--- WHAT IS BEING ASKED ---
Only some lines are wanted. Transcribe, exactly, the lines below from the line with "2. 在管理中,右鍵數(sh" up to and including the line with "레깅스 편해서 입는다는".

--- DATA TO USE ---
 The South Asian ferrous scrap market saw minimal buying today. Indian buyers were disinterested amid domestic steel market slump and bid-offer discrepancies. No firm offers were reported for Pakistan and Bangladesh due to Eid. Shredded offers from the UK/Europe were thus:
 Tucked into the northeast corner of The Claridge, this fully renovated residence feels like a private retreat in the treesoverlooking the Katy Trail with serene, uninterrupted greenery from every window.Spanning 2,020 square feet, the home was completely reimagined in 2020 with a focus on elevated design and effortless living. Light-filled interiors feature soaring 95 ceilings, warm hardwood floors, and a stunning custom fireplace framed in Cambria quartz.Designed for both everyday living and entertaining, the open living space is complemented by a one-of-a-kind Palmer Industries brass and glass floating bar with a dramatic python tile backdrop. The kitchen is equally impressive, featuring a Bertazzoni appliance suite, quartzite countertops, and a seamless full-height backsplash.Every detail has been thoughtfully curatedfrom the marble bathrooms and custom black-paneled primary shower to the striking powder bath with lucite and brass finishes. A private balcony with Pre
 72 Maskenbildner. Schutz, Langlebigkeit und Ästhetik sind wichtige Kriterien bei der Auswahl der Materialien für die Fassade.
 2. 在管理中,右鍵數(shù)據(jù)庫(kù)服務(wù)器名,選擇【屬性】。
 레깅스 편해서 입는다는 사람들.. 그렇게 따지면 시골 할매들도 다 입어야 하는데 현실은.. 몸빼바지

--

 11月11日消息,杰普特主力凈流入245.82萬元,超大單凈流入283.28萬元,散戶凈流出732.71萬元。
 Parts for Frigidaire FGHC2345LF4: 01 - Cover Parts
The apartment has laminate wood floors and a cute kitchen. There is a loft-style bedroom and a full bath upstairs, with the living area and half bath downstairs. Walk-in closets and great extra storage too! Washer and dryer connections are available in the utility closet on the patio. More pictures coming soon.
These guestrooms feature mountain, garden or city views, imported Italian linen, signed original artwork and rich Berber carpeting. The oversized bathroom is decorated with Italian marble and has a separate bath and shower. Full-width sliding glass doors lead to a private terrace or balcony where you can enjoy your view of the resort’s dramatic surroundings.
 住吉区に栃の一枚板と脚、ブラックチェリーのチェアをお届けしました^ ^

--- SOLUTION BELOW ---
 2. 在管理中,右鍵數(shù)據(jù)庫(kù)服務(wù)器名,選擇【屬性】。
 레깅스 편해서 입는다는 사람들.. 그렇게 따지면 시골 할매들도 다 입어야 하는데 현실은.. 몸빼바지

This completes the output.